Disclosures: The author has no conflicts of interest to report.

Correspondence: Kandis L. Adkins, Department of Cardiovascular and Thoracic Surgery, University of Louisville School of Medicine, 201 Abraham Flexner Way, Suite 1200, Louisville, KY. Email:

Article Outline

To live is to suffer, to survive is to find some meaning in the suffering.

Friedrich Nietzsche

My mission in life is not merely to survive, but to thrive; and to do so with some passion, some compassion, some humor, and some style.

Maya Angelou

Unfortunately, there exists no perfect sedative to fit all patients supported with extracorporeal membrane oxygenation (ECMO). Mainly, this is due to the wide variation in clinical indication for ECMO support, mode of support, individual patient temperament, and the unpredictable time to potential heart and/or lung recovery or acceptable organ procurement. An ideal sedative would be short-acting and easily titratable, provide dose-dependent hypnosis and amnesia and cause minimal change in hemodynamic and respiratory parameters. It would also have low reliance on renal and hepatic function for metabolism and excretion. No single agent meets these conditions for the wide variety of patients on ECMO support, but most conditions can be met with a combination of medications.

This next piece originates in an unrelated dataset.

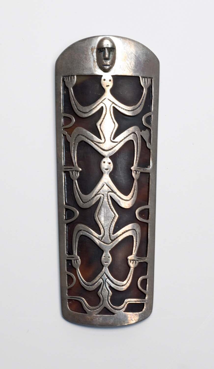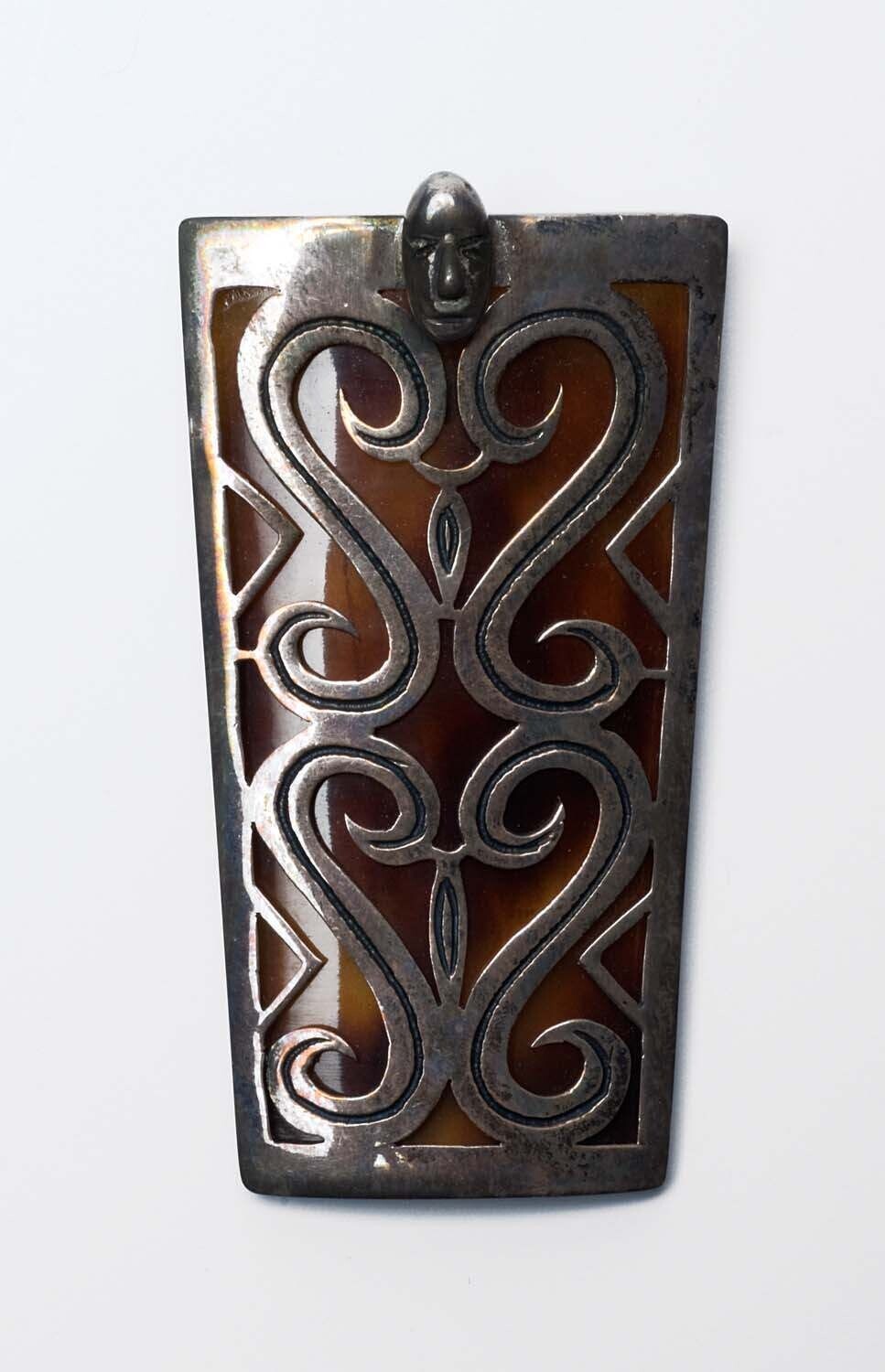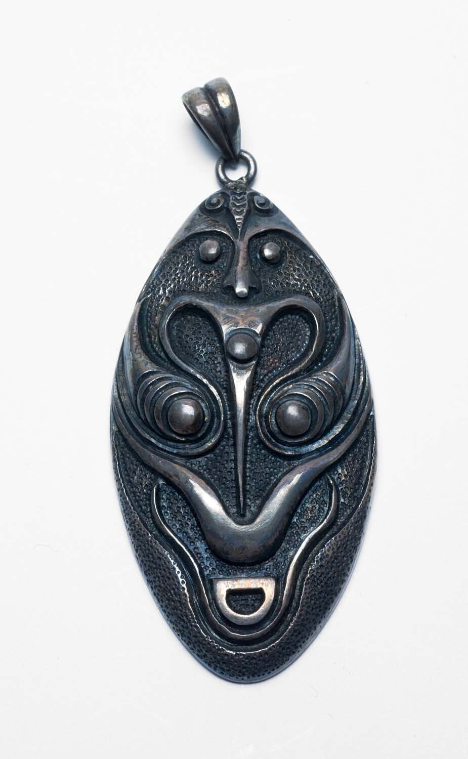 Zilveren hanger in de vorm van een Asmat schild

It is imperative to establish goals that the multidisciplinary care team can agree to support before designing a sedation regimen. This patient-specific strategy anticipates future interventions such as renal replacement therapy or bedside procedures, the need for spontaneous breathing trials or assessment of neurologic function, as well as participation in passive or active therapy. According to the Extracorporeal Life Support Organization (ELSO) guidelines, ECMO is indicated when the mortality risk from respiratory failure is at least 80% or, in the case of cardiogenic shock, when hypoperfusion is refractory to maximal medical therapy. It may be necessary to limit all responsiveness to control hemodynamic stability and promote recovery, as in the case of postcardiotomy cardiogenic shock. Once signs of improvement are identified, altering the Richmond Agitation-Sedation Scale (RASS) goal may be appropriate. Alternatively, in the case of isolated refractory acute respiratory failure requiring venovenous ECMO (vvECMO), wakefulness, physical therapy, and even extubation may be tolerated with minimal to no sedation. Research thus far has mostly combined the wide array of patients as individual center experience is limited. But with ECMO use increasing at experienced centers and the number of centers growing and participating in collaborative research, comparisons between similar groups can be studied in the future.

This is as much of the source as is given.